(Records excerpted from a collection)
□ □ □
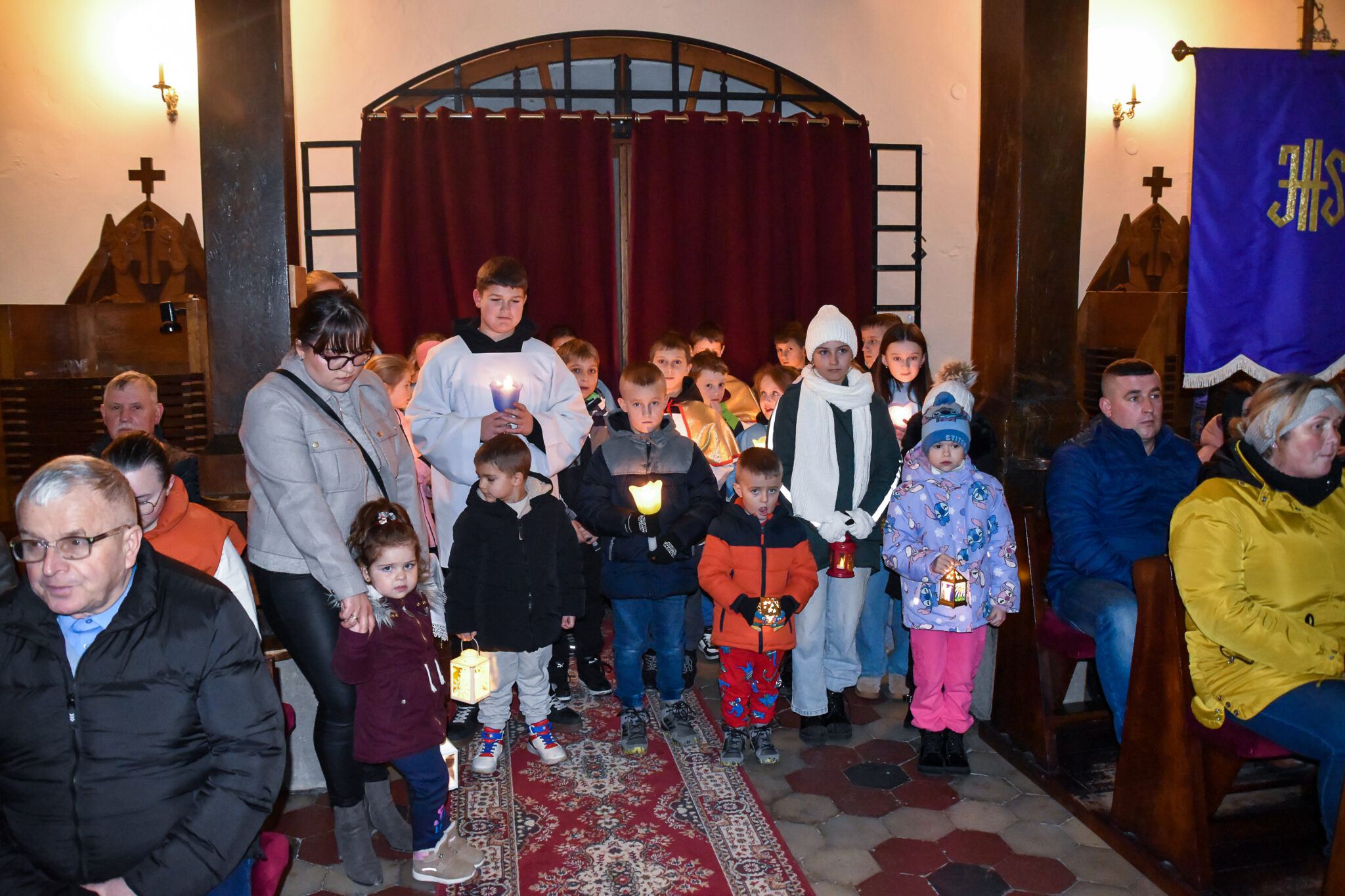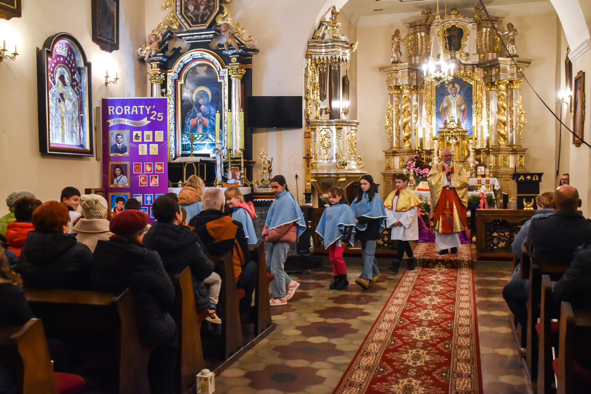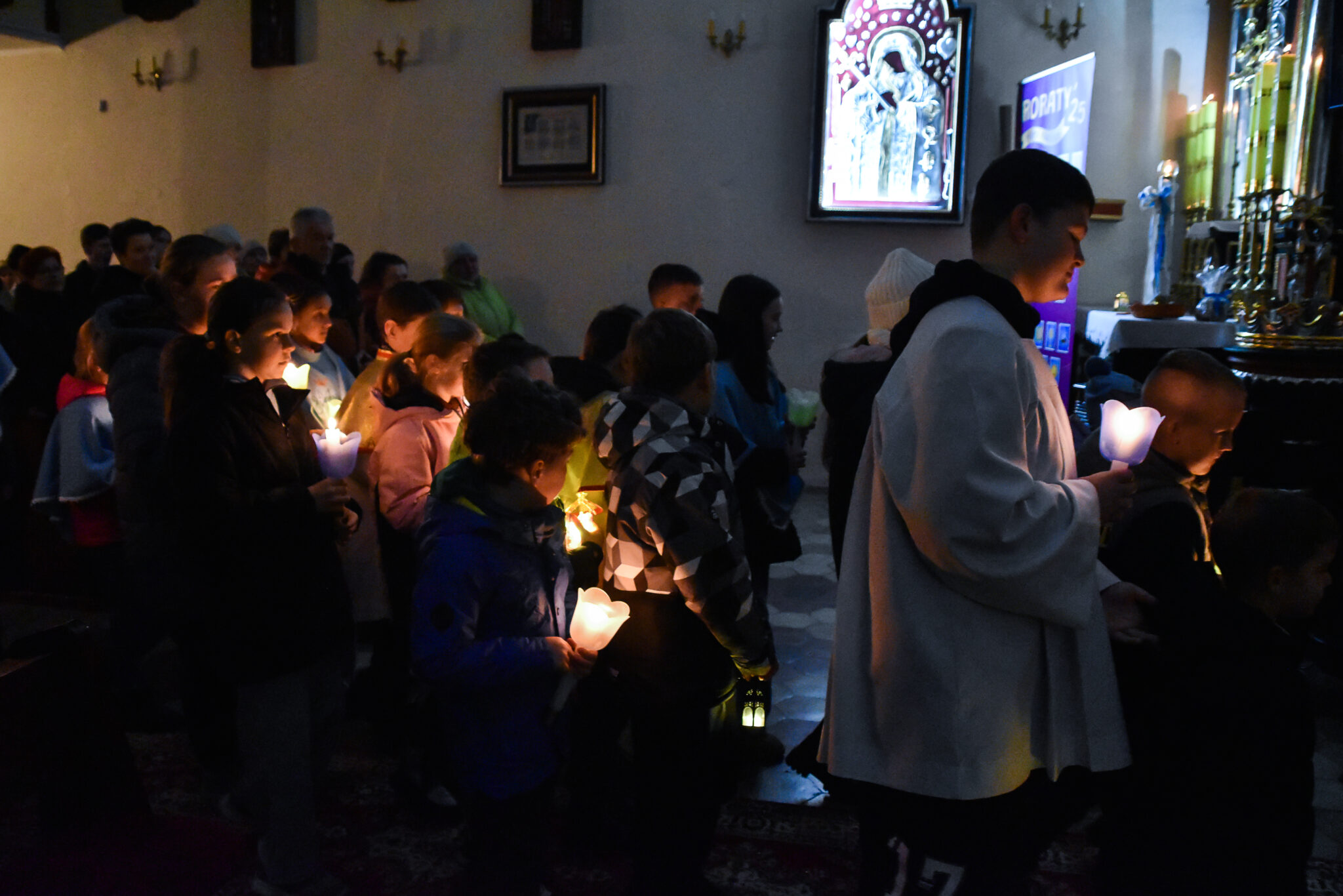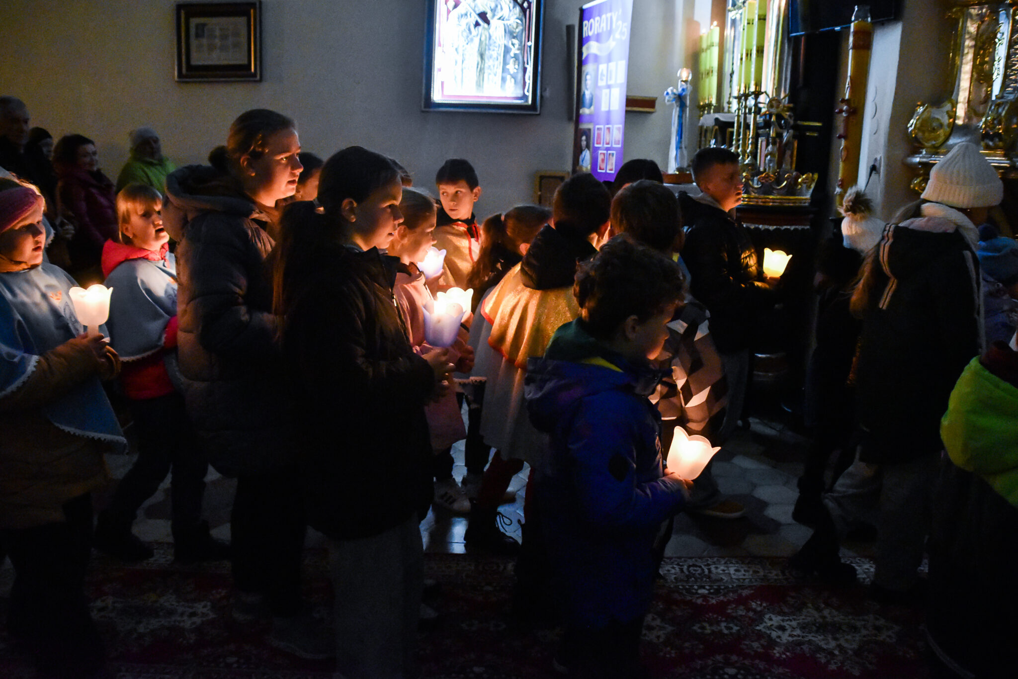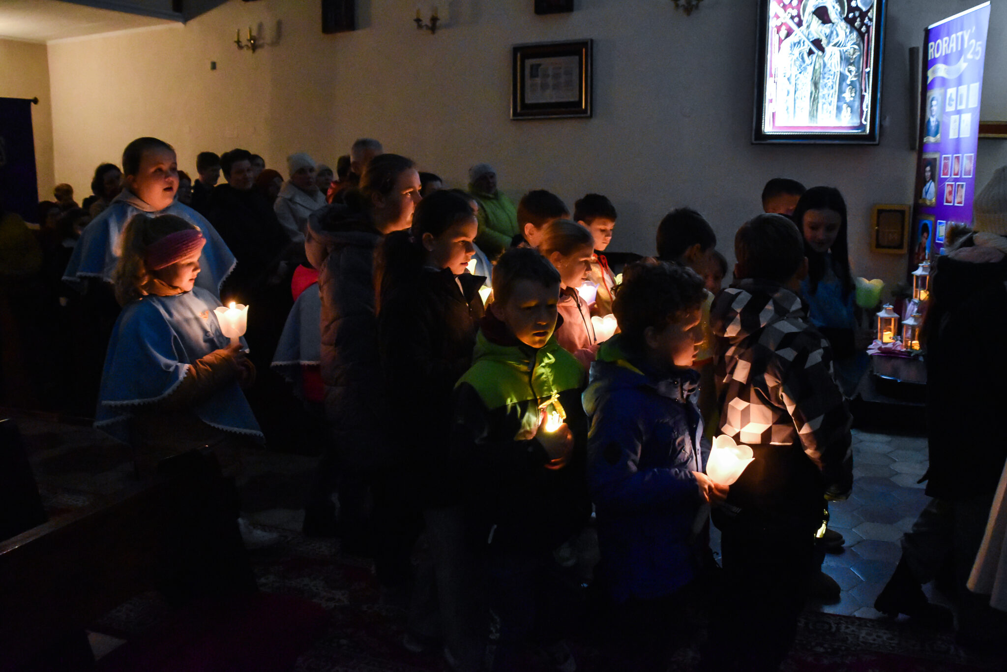W odbywających się w naszym kościele Roratach chętnie uczestniczą dzieci, które na początku Mszy św. idą w procesji prowadzonej przez ks. Rektora od drzwi wejściowych do ołtarza z zapalonymi lampionami. Msza św. rozpoczyna się przy wyłączonych światłach. Mrok świątyni rozpraszają jedynie świece i lampiony.
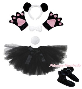 Details About Panda Bear Headband Bow Tail Paw Shoes Gauze Skirt 6pc Kids School Party Costume
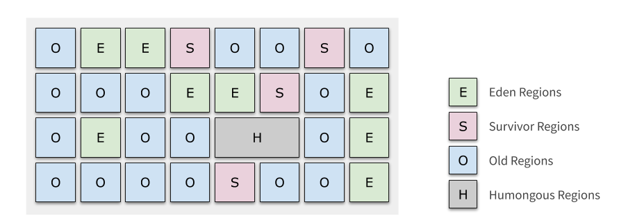 G1 将堆内存划分为多个等大小的 Region(默认 1MB-32MB),每个 Region 可以是 Eden、Survivor 或 Old 区,默认是将堆内存按照 2048 份均分。
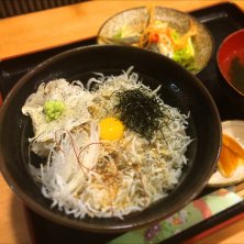 鹿児島の玄関口 鹿児島中央駅近くの【ちりめんしらす店 凪】です。 釜揚げしらす丼にアオサ汁・小鉢が付いて、¥630〜♪ お客さんは地元の方や観光客の方々も多く、味も申し分ないです。 鹿児島へ来られましたら是非(´^∀^`)
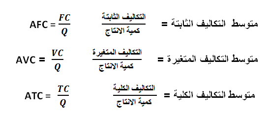 متوسط التكلفة هو مقدار ما تتحمله كل وحدة منتجة من أنواع التكاليف الثلاثة ، فهي اذاً :
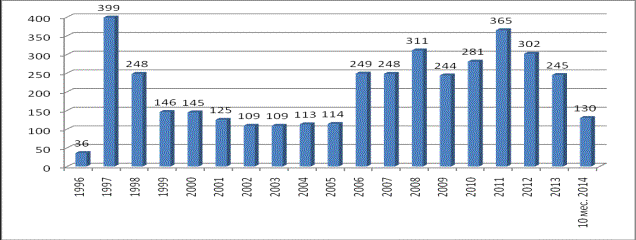 в 1999-2005 гг. Новый рост ВИЧ-инфекции наблюдался в 2006 г. – 249 случаев (рисунок 1).
□ □ □
**Problem statement**
Only the pictures are to be excluded; all other parts of the records above are to be given exactly.

**Expected answer**
W odbywających się w naszym kościele Roratach chętnie uczestniczą dzieci, które na początku Mszy św. idą w procesji prowadzonej przez ks. Rektora od drzwi wejściowych do ołtarza z zapalonymi lampionami. Msza św. rozpoczyna się przy wyłączonych światłach. Mrok świątyni rozpraszają jedynie świece i lampiony.
 Details About Panda Bear Headband Bow Tail Paw Shoes Gauze Skirt 6pc Kids School Party Costume
 G1 将堆内存划分为多个等大小的 Region(默认 1MB-32MB),每个 Region 可以是 Eden、Survivor 或 Old 区,默认是将堆内存按照 2048 份均分。
 鹿児島の玄関口 鹿児島中央駅近くの【ちりめんしらす店 凪】です。 釜揚げしらす丼にアオサ汁・小鉢が付いて、¥630〜♪ お客さんは地元の方や観光客の方々も多く、味も申し分ないです。 鹿児島へ来られましたら是非(´^∀^`)
 متوسط التكلفة هو مقدار ما تتحمله كل وحدة منتجة من أنواع التكاليف الثلاثة ، فهي اذاً :
 в 1999-2005 гг. Новый рост ВИЧ-инфекции наблюдался в 2006 г. – 249 случаев (рисунок 1).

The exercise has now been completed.